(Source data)
Segment Open

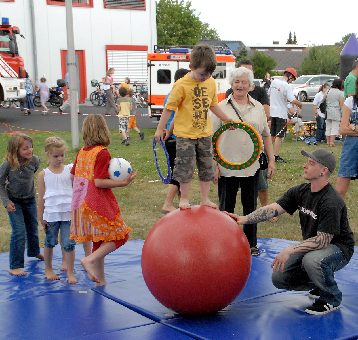 Die Veranstalter versprechen ein abwechslungsreiches Programm für die ganze Familie. Und in der Tat: Ob Dosenwerfen, Torwand- und Bogenschießen, Kistenklettern, Toben auf der Rotkreuz-Hüpfburg oder dem Kurven auf einem Kettcar-Parcours, den man mit einer Rauschbrille der Polizei durchfahren kann – es wird allerlei geboten. Auf den Geldbeutel braucht dabei niemand zu achten, denn: „Alle Spiele und Aktionen sind kostenlos“, betonte Bodo Froebus vom Roten Kreuz im Kreis Euskirchen. „Wichtig ist uns, dass der Spaß im Vordergrund steht“, ergänzte Bernd Milz.
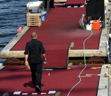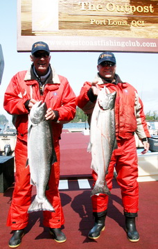 Back on the dock, after the morning session, Jan Gorski shows off a 25 pounder along with Timo Lucas with a 22 pounder:
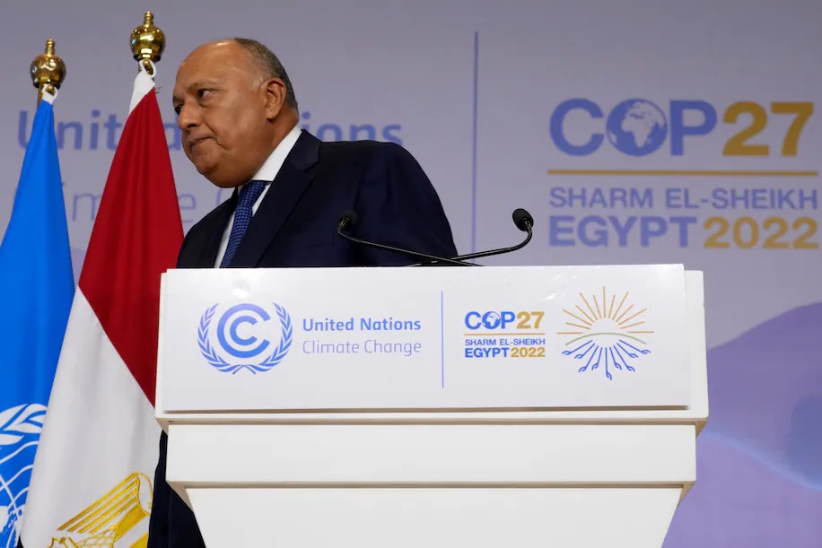 في خطابه الأخير أمام الجلسة العامة، بدأ رئيس COP27 ووزير الخارجية بحكومة السيسي سامح شكري خطابه متراجعا على عقبيه، وقال للمندوبين "نحن عادلون ومتوازنون وشفافون في نهجنا، بعد أن اشتكى الكثير منهم من عدم الوضوح في عملية التفاوض الصعبة".
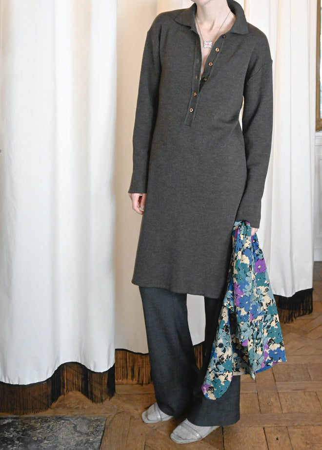 YVES SAINT LAURENT WOOL BROWN BUTTON DOWN DRESS
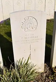 Grave of a soldier of the 2nd Australian Pioneers in the Montbrehain Military Cemetery.
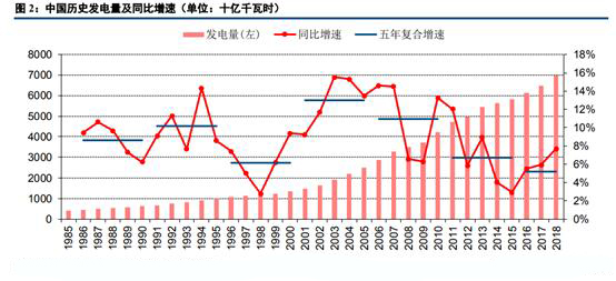 1、對(duì)比美國(guó)歷史七十年發(fā)電量數(shù)據(jù)和中國(guó)歷史35年發(fā)電量數(shù)據(jù)可以看出,近年來(lái)美國(guó)發(fā)電量基本無(wú)增長(zhǎng),電力工業(yè)處于成熟期;中國(guó)發(fā)電增速面臨換擋,或?qū)@5%這一中樞波動(dòng),有可能正式進(jìn)入穩(wěn)定成長(zhǎng)期,對(duì)標(biāo)美國(guó)70年代到90年代的情況;
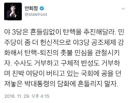 수사도 거부하고 구체적 반성도 거부하며 친박 여당이 버티고 있는 국회에 공을 던져놓은 박대통령의 담화에 흔들리지 말자.
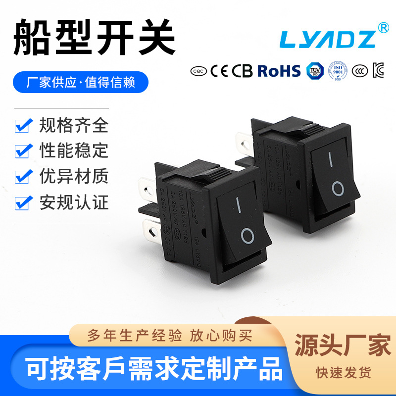 Kcd1角型電源スイッチ15*21四脚ly601dブラック10a大電流船型スイッチボタン
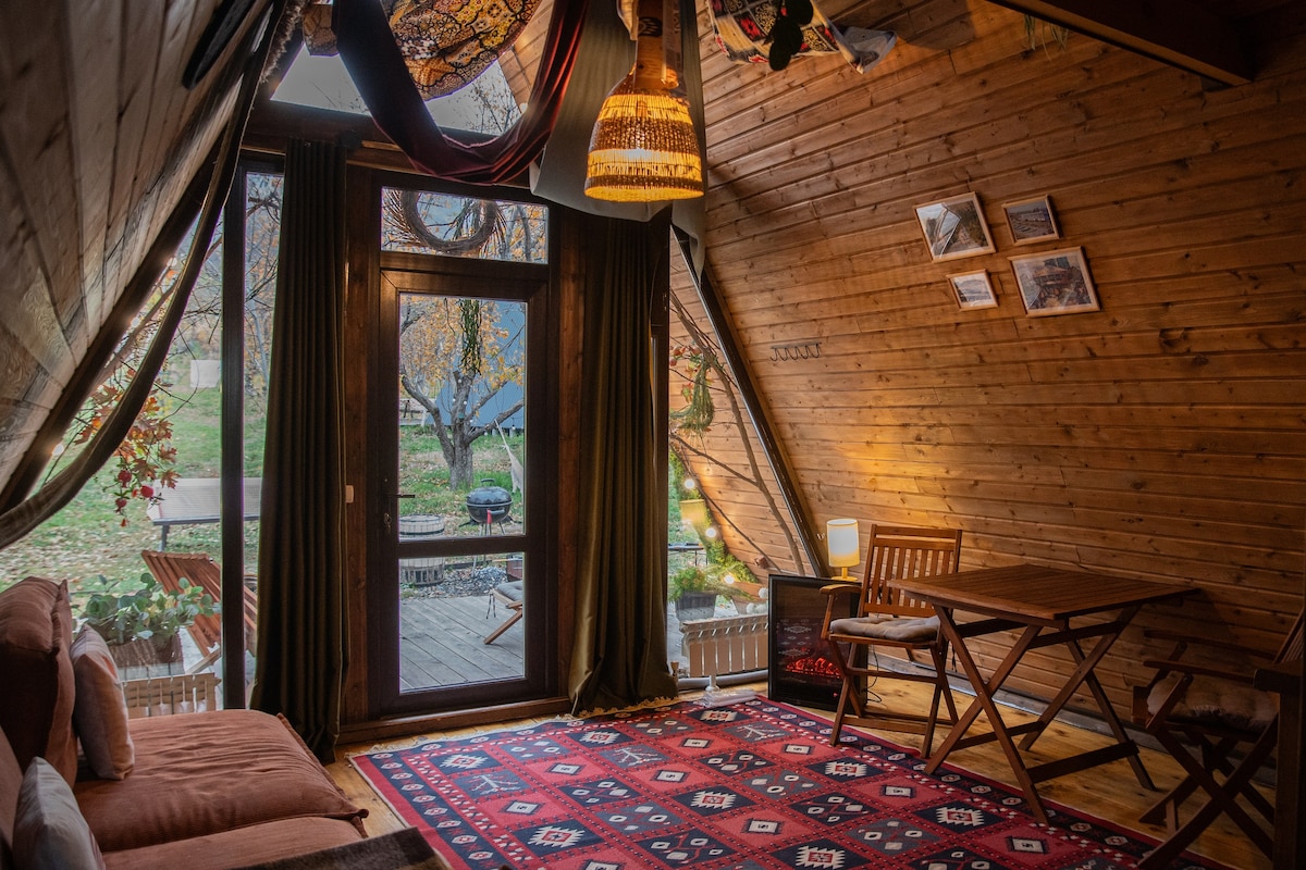 A-frame Santal es un nuevo proyecto de los propietarios de la Dikaya Soap Farm. Todos los detalles interiores fueron diseñados y elaborados por artesanos locales de la madera. La casa está llena de aromas de hierbas locales y sándalo. Tus anfitriones, Olya y Slava, hacen jabón natural aquí, y en la granja se cultivan, clasifican y secan una gran variedad de hierbas. A menudo, conocerás a viajeros y voluntarios de todo el mundo. Es el lugar ideal para pasar un fin de semana acogedor y tranquilo lejos del ruido de la ciudad.
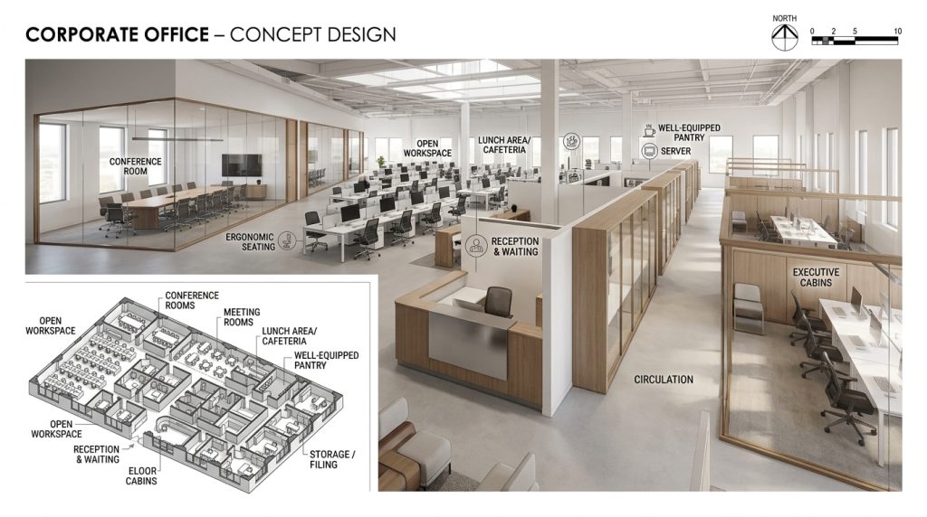 Office operators and workplace teams could use it to explore density, collaboration zones, cabins, and amenity layouts without waiting for traditional concept cycles.
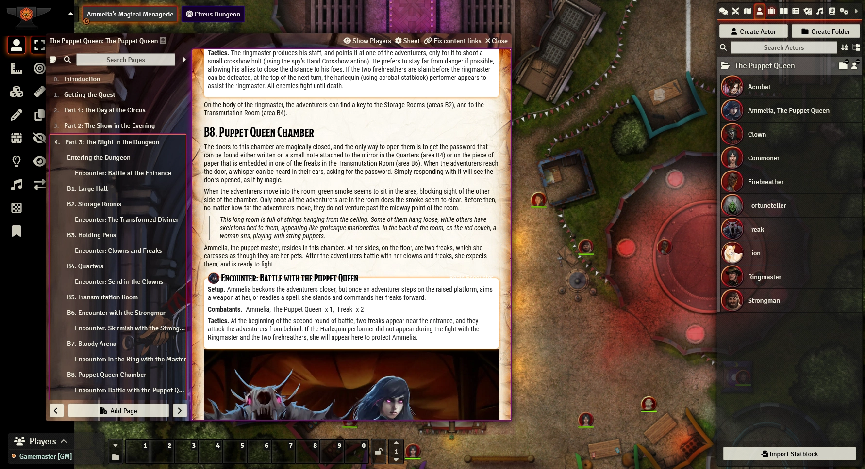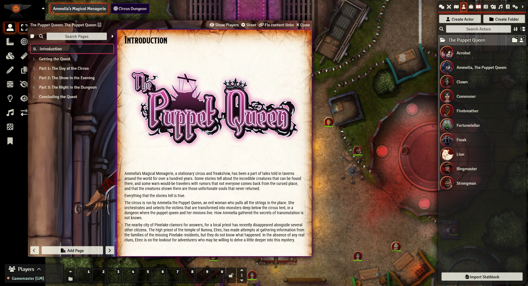 The Puppet Queen is a one-shot adventure for a party of 3rd-level characters (with scaling provided for running at level 5) where adventurers will discover the secrets of a centuries-old circus and its mysterious owner, Ammelia. Will you dare to look deeper into the circus's mysteries, even if it may cost you everything?
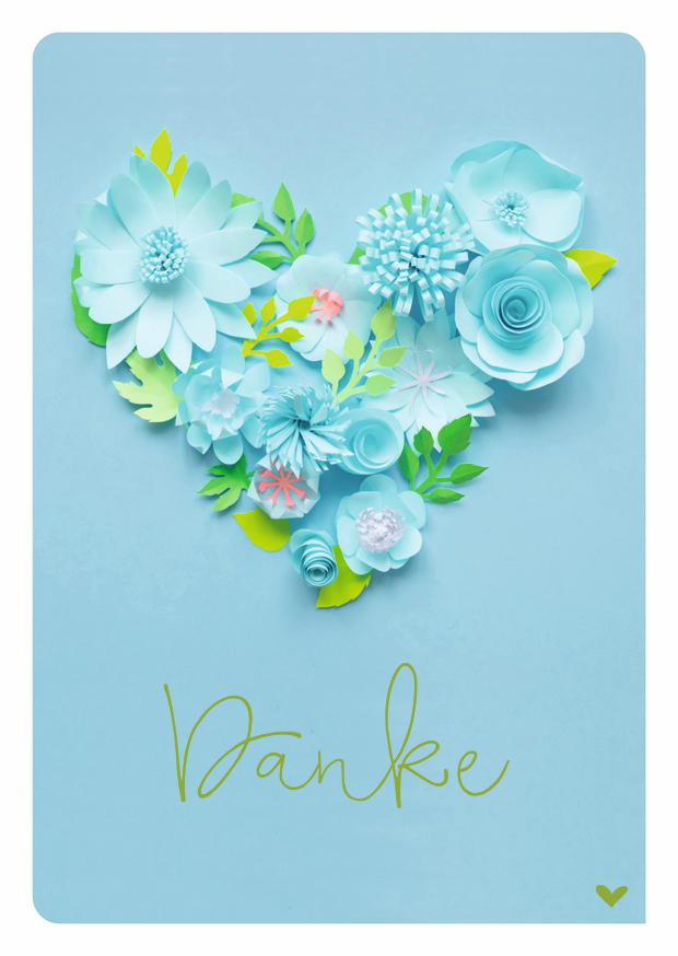 Die Karte zeigt ein kreatives Design aus Papierblumen in verschiedenen Blautönen, die in Herzform angeordnet sind. Darunter steht das Wort Danke in einer eleganten Schrift.

Segment Closed

**About this exercise:** Please give again the entries word for word, starting at the first line and ending with the line that contains "A-frame Santal es"; include both of those lines but none of the pictures.

**Written answer:**
 Die Veranstalter versprechen ein abwechslungsreiches Programm für die ganze Familie. Und in der Tat: Ob Dosenwerfen, Torwand- und Bogenschießen, Kistenklettern, Toben auf der Rotkreuz-Hüpfburg oder dem Kurven auf einem Kettcar-Parcours, den man mit einer Rauschbrille der Polizei durchfahren kann – es wird allerlei geboten. Auf den Geldbeutel braucht dabei niemand zu achten, denn: „Alle Spiele und Aktionen sind kostenlos“, betonte Bodo Froebus vom Roten Kreuz im Kreis Euskirchen. „Wichtig ist uns, dass der Spaß im Vordergrund steht“, ergänzte Bernd Milz.
 Back on the dock, after the morning session, Jan Gorski shows off a 25 pounder along with Timo Lucas with a 22 pounder:
 في خطابه الأخير أمام الجلسة العامة، بدأ رئيس COP27 ووزير الخارجية بحكومة السيسي سامح شكري خطابه متراجعا على عقبيه، وقال للمندوبين "نحن عادلون ومتوازنون وشفافون في نهجنا، بعد أن اشتكى الكثير منهم من عدم الوضوح في عملية التفاوض الصعبة".
 YVES SAINT LAURENT WOOL BROWN BUTTON DOWN DRESS
 Grave of a soldier of the 2nd Australian Pioneers in the Montbrehain Military Cemetery.
 1、對(duì)比美國(guó)歷史七十年發(fā)電量數(shù)據(jù)和中國(guó)歷史35年發(fā)電量數(shù)據(jù)可以看出,近年來(lái)美國(guó)發(fā)電量基本無(wú)增長(zhǎng),電力工業(yè)處于成熟期;中國(guó)發(fā)電增速面臨換擋,或?qū)@5%這一中樞波動(dòng),有可能正式進(jìn)入穩(wěn)定成長(zhǎng)期,對(duì)標(biāo)美國(guó)70年代到90年代的情況;
 수사도 거부하고 구체적 반성도 거부하며 친박 여당이 버티고 있는 국회에 공을 던져놓은 박대통령의 담화에 흔들리지 말자.
 Kcd1角型電源スイッチ15*21四脚ly601dブラック10a大電流船型スイッチボタン
 A-frame Santal es un nuevo proyecto de los propietarios de la Dikaya Soap Farm. Todos los detalles interiores fueron diseñados y elaborados por artesanos locales de la madera. La casa está llena de aromas de hierbas locales y sándalo. Tus anfitriones, Olya y Slava, hacen jabón natural aquí, y en la granja se cultivan, clasifican y secan una gran variedad de hierbas. A menudo, conocerás a viajeros y voluntarios de todo el mundo. Es el lugar ideal para pasar un fin de semana acogedor y tranquilo lejos del ruido de la ciudad.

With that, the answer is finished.